Убежав на кухню, Зина с рвущимся из груди сердцем дожидалась, пока Алан покинет ресторан.
– Ты что? Прячешься, что ли? – спросила Зоя новую приятельницу.
– Да, так... – ушла от ответа Зина.
– Я видела, ты обслуживала столик с жокеями, – сказала Зоя, – с ними поосторожнее. Знаешь, какие они ушлые.
– А у меня и в мыслях ничего такого нет, – пробовала отнекиваться Зина.
– Ладно уж, «ничего такого», – хитровато улыбнулась официантка, – а чего у самой щёки-то горят?
Зина не стала спорить, но оставшее время до конца смены мысли её были заняты Аланом, а вечером она натолкнулась на него у входа в метро.
– Пойдём прогуляемся по Москве, – без предисловий предложил новый знакомый.
– Что ты ко мне цепляешься? Московских девчонок не хватает? – с напускной заносчивостью возразила Зина.
– А ты мне больше приглянулась, – парировал ухажор, – к тому же я сам не москвич и в столице недавно. Живу в общежитии, а ты где?
– А тебе не всё равно?
Ответ не слишком вежлив, но Алан решил объясниться:
– Если я тебя чем-то обидел там в ресторане, то прости. Не хотел. Только не надо так со мной разговаривать. Или тебе нужен москвич, осетином брезгуешь?
– Причём здесь это? Просто ты очень резвый – с места в карьер, как на своей лошади, – усмехнулась Зина.
Собеседник чуточку поморщился:
– Ну, во-первых, не лошадь, а конь, потому что конь – крылья джигита. А во-вторых, я такой, как ты сказала, «резвый» от природы.
Секунду подумав, джигит завершил мысль:
– Темперамент такой.
Темперамент для кавалера первое дело, тут уж не возразить, не отмахнуться, и Зина согласилась прогуляться.
Алан был весел, как ребёнок, горяч и нетерпеливо нежен. Он рассказывал много занимательных историй, анекдотов, с ним было легко. Обжигающий взгляд влюбчивого юноши обещал, манил, и мысли девушки закружились хороводом вокруг занимающегося алою зарёю счастья. Иногда, правда, голова прояснялась и тогда Зина видела себя мухой, несущейся в липкую паутину, выбраться из которой будет трудновато, но долго сопротивляться набегавшему волнами чувству не хватало опыта. Молодые люди стали всё чаще проводить свободные вечера вместе.

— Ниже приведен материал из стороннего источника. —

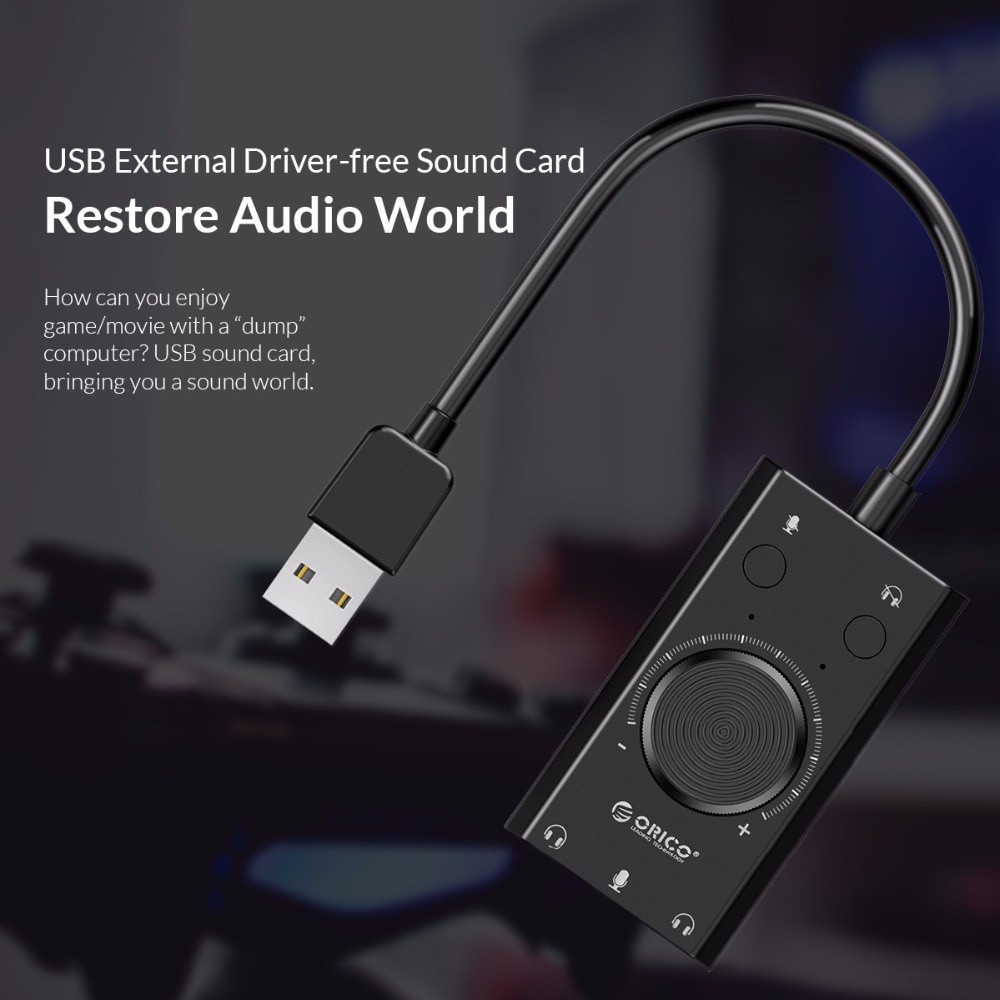 ORICO External USB Sound Card Stereo Mic Speaker Headset Audio Jack Adapter Mute Switch Volume Adjustment Free Drive

На свиданиях Алан, влюблённо глядя на девушку, проникновенным голосом выводил свои соловьиные трели, причём так увлечённо, что Зине в эти моменты безумно хотелось собственного гнёздышка.
Однажды после скачек Алан пригласил Зину в ресторан, в котором засиделись допоздна. Громко играла музыка, шампанское туманило сознание, а в жокее проснулся гусар, жгучие угольки глаз которого, разгораясь, освещали всю глубину его страсти. Теряющая голову девушка в танце льнула к кавалеру, беспричинно смеялась, не замечала, как постепенно попадает под власть пробуждающегося, незнакомого ранее желания.
В тот памятный вечер Алан увязался провожать Зину домой. Они едва успели на последнюю электричку и когда вышли на нужной остановке, шёл второй час ночи. Здесь воздух был чище, чем в Москве, не так резко отдавало гарью торфяных болот. Опустившаяся на землю прохлада приятно освежала, бодрила, но не возвращала Зининым мыслям былой ясности. Откуда же ей взяться, когда девичью талию согревала рука вышагивающего рядом джигита. К дому подошли молча, в полной темноте, – фонари, как всегда, не работали. В беспредельной глубине неба мерцали холодными огоньками звёзды. Посёлок спал. Только шорох крыльев и попискивание летучих мышей нарушали покой почти белой ночи, да ещё изредка сквозь тишину дремлющей природы прорывался вой дерущихся котов. В нерешительности потоптавшись у калитки, Зина пригласила «провожатого» в дом, объяснив заспанной матери, что до утра далеко, электрички не ходят, а ночевать молодому человеку негде, поскольку тот не местный. Надежда Кузьминична отнеслась с пониманием к сложившейся ситуации, молча провела ночного визитёра в комнату, указала на кровать с железными спинками и ушла досыпать.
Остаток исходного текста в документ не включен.